Top Posts Tagged with #diggbigg

Fetch data from HBASE database from R using rhbase package

Sometimes you may have to perform some analysis on the dataset which is stored in HBASE tables on the Hadoop cluster. Recently, I came across this situation and Revolution Analytics's package rhbase came to the rescue.

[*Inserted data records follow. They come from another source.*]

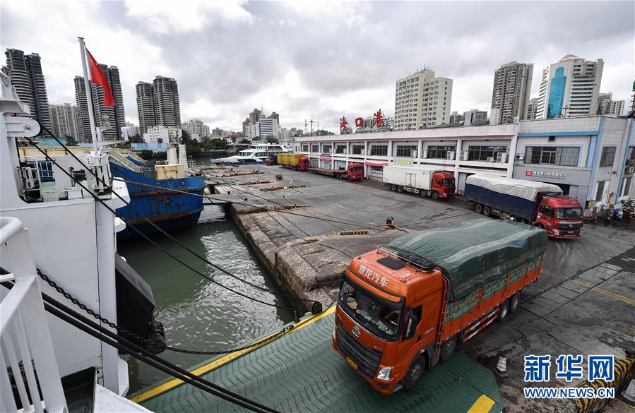 9月4日,车辆在海口秀英港轮渡码头上船。 据海南省气象台消息,9月4日白天起琼州海峡风力减弱为8级。海口海事局发出通知,抗风等级达到8级的客滚船于4日10时起恢复通航。 新华社记者 郭程 摄
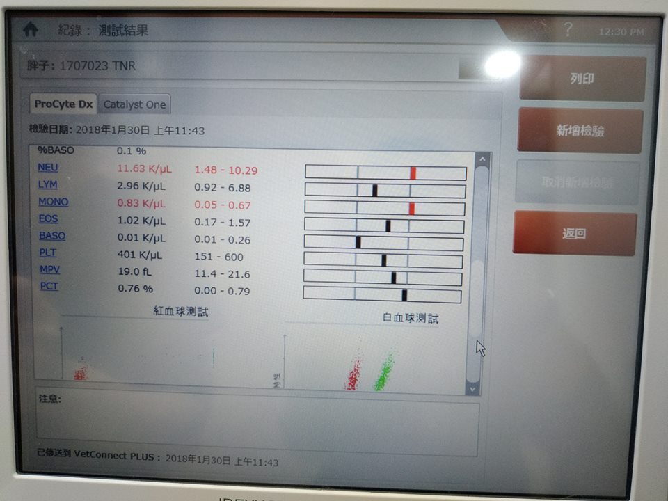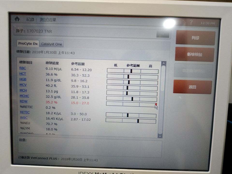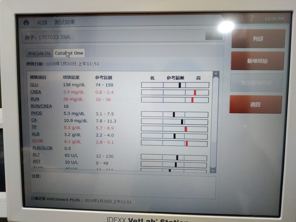 抽血檢查肝指數穩定,可以再吃兩週藥觀察;腎指數雖然偏高但是可以接受,因為胖吉有腎衰關係所以會貧血,醫師這邊會固定一個月回診時施打長效型的造血針跟鐵劑
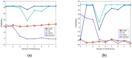 As can be seen in Figure 4, the performance of the LCMV and the SVOA is quite stable in the absence of mismatch, independent of the number of disturbances. In the presence of a 2° mismatch in the steering vector, the LCMV remains stable, but the output SINR is not as superior. The GL and CGL-ISV algorithms, on the other hand, perform reasonably well at low disturbance counts, with CGL-ISSV maintaining a particularly good performance at higher disturbance counts. In the presence of a 2% wavelength array perturbation, the LCMV, SVOA, and CGL-ISV maintain good performance overall, with the CGL-ISV algorithm maintaining a particularly superior performance at low interference counts. In the presence of a 0.20 perturbation, the output SINR of LCMV and SVOA algorithms increases with the increase in interference number, because the two algorithms can still maintain effective zero-trapping for interference in the presence of 0.20λ perturbation. With the increase in interference number, more interference is suppressed, increasing the strength of the received effective signal. However, GL and CGL-ISV algorithms still maintain their superior performance under low interference.
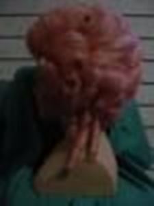 Large curls on top and back of head. Ringlets framing face and at back below large curls. Available in many colours, including pink, green, blue, etc. Whether for hire or purchase, please contact Dauphine (01179 566556) for price details.
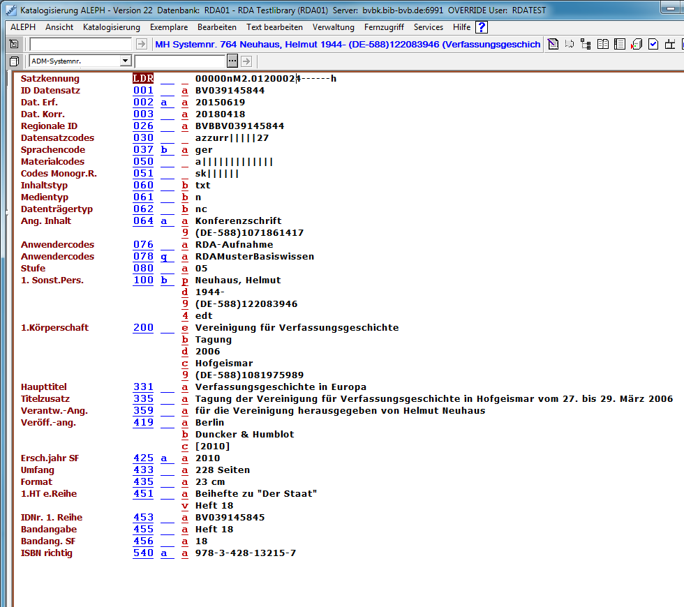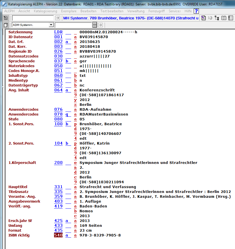 - Neuaufnahmen und Korrekturen im B3Kat
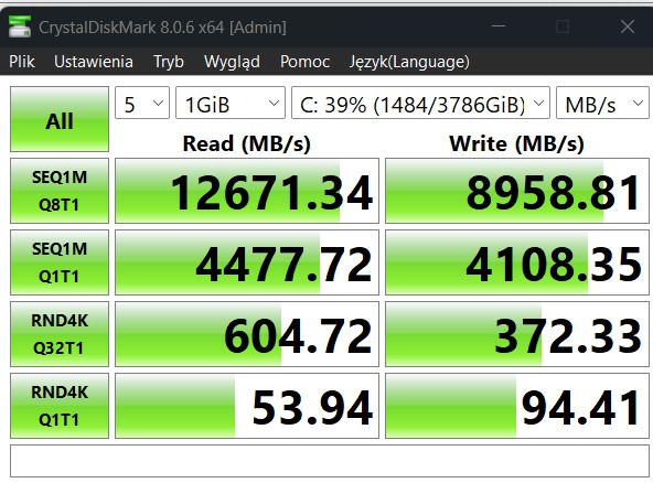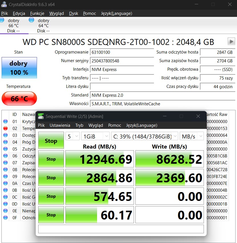 Czy to wręcz spełnienie marzeń? Jeszcze jak, bo nawet pamięć masowa robi tutaj wrażenie, choć oczywiście szkoda, że w takim sprzęcie nie ma jeszcze dostępu do nowszego standardu PCIe 5.0. Z drugiej jednak strony spójrzcie tylko – wyniki sekwencyjne są wręcz powalające nawet na tle najnowszych nośników na PCIe 5.0, dzięki konfiguracji RAID 0. Brak jakiegokolwiek poważnego chłodzenia doprowadza jednak do znacznego skoku temperatury z okolic 45-50 stopni podczas pracy biurowej do 65 stopni przy benchmarku. Nie jest to jednak niebezpieczna granica 70-80 stopni dla dysków SSD, ale i tak szkoda, że ASUS nie zastosował stosownego chłodzenia dla obu nośników.
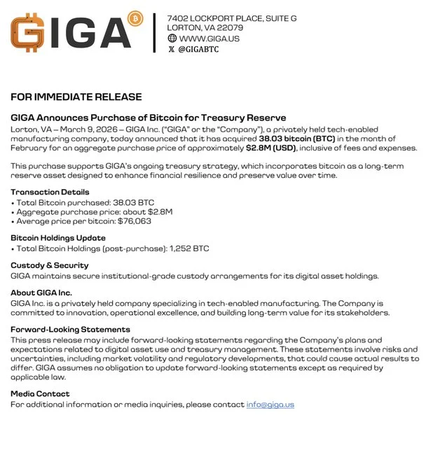Perusahaan manufaktur swasta GIGA kembali menambah cadangan Bitcoin dalam neraca keuangannya. Perusahaan tersebut mengungkapkan telah membeli tambahan 38 BTC pada bulan lalu, sehingga total kepemilikan Bitcoin mereka kini mencapai 1.252 BTC.
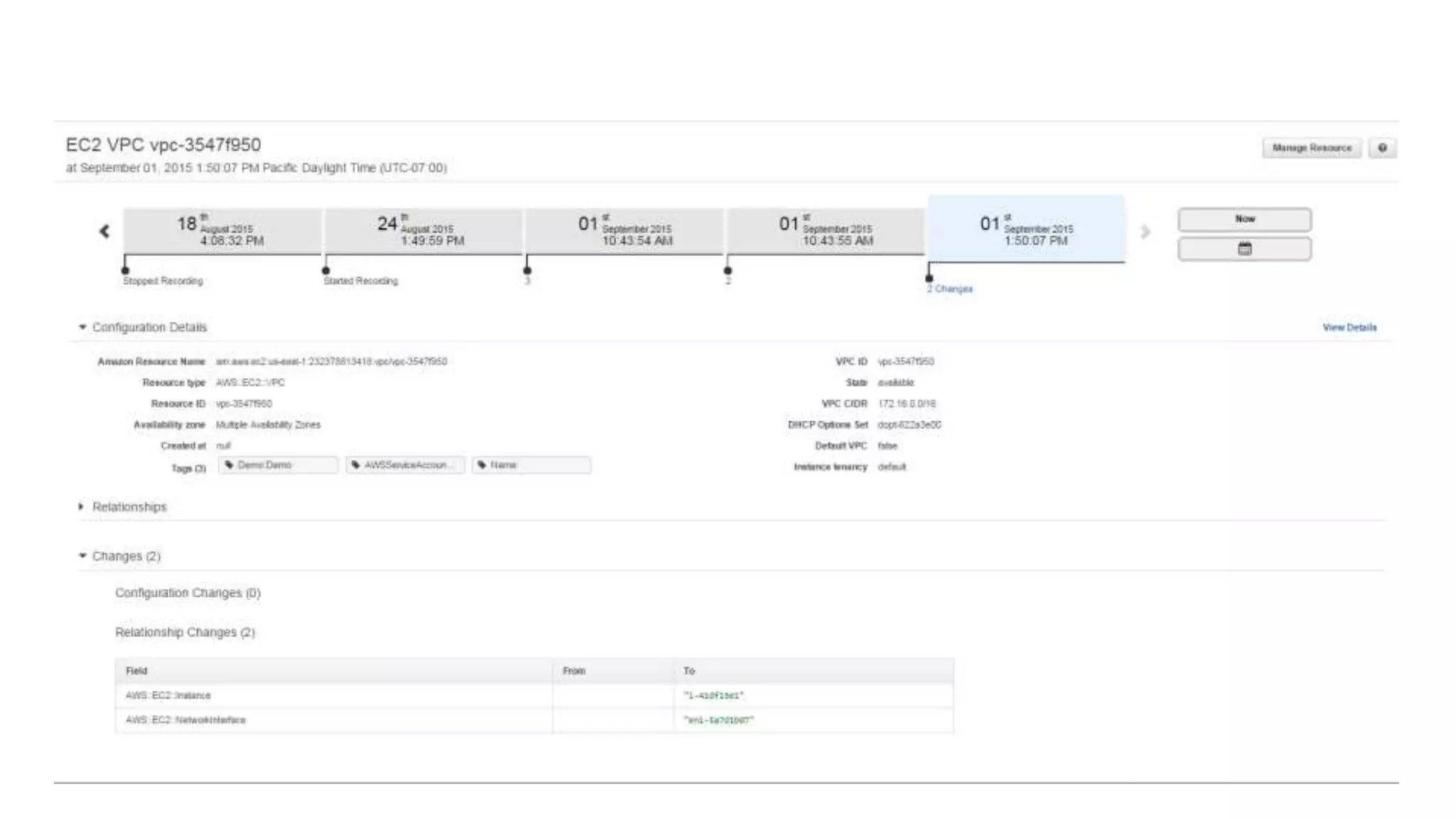AWS Config capabilities for tracking resources and configuration changes.

Although, the tutorial given on the rhbase wiki is very well documented but there are some issue which I have faced and I thought I should create a step by step guide for suture references.

The following things are required to be installed on the server and client.

Server: Linux-Ubuntu, Hadoop, HBASE, R, Rstudio-server, thrift

Client: Browser

For this guide I assume Ubuntu, Hadoop, and HBASE are already installed and configured on the server side and there are some data tables in the HBASE database.

1. R

sudo apt-get install r-base

2. Rstudio Server

Install Rstudio server form the instructions given on the download site

3. Apache Thrift

Download apache thrift version 0.9.0 rather than 0.9.1

Install all Thrift pre-requisites

Ubuntu

$ sudo apt-get install libboost-dev libboost-test-dev libboost-program-options-dev libevent-dev automake libtool flex bison pkg-config g++ libssl-dev

CentOS5/Rhel5

$ sudo yum install automake libtool flex bison pkgconfig gcc-c++ boost-devel libevent-devel zlib-devel python-devel ruby-devel

- Build Thrfit according to instructions - Update PKG_CONFIG_PATH in bashrc by typing the following command in terminal:

sudo nano ~/.bashrc

And paste the following line at the end

export PKG_CONFIG_PATH=$PKG_CONFIG_PATH:/usr/local/lib/pkgconfig/

Then source the bashrc via

source ~/.bashrc

Verifiy pkg-config path is correct: Type this in terminal

pkg-config --cflags thrift

And it should return -I/usr/local/include/thrift and not something like -I/usr/local/include

Copy Thrift library

sudo cp /usr/local/lib/libthrift-0.9.0.so /usr/lib/

4. Start HBASE and Thrift server

HBASE

start-hbase.sh

Now HBASE must be running. To verify whether hadoop and related all applications are running or not and query HBASE perform the following

jps

You should see something like,

6162 DataNode

6739 TaskTracker

502 JobTracker

7029 HMaster

14867 Jps

12245 Main

5924 NameNode

7320 HRegionServer

13740 ThriftServer

6412 SecondaryNameNode

hbase shell hbase(main):003:0> list #To see list of tables hbase(main):003:0> describe('TABLE_NAME') #Small description of concerned table hbase(main):003:0> scan('TABLE_NAME') #Get content of that table

Thrift

hbase thrift start

If it throws an error then try this

hbase thrift start -threadpool

5. rhbase

Installing rhbase package generally requires 2 steps

wget https://raw.github.com/RevolutionAnalytics/rhbase/master/build/rhbase_1.2.0.tar.gz R CMD INSTALL rhbase_1.2.0.tar.gz

6. Login into Rstudio server

Type server's IP in the browser with port 8787. For example, 192.168.20.10:8787

7. Query HBASE from R

require(rhbase) hostLoc = '192.168.20.10' #Give your server IP port = 9090 #Default port for thrift service hb.init(hostLoc, port) hb.init(serialize="character") #If data in table is characters other no need for this step hb.list.tables() hb.describe.table("TABLE_NAME") data <- c() iter <- hb.scan(tablename='TABLE_NAME', startrow="1", colspec="FamilyName:") while(length(row <- iter$get(1))>0){ data <- c(data, row) }

Enjoy, now you can browse, read, write, and modify tables stored in HBASE through R.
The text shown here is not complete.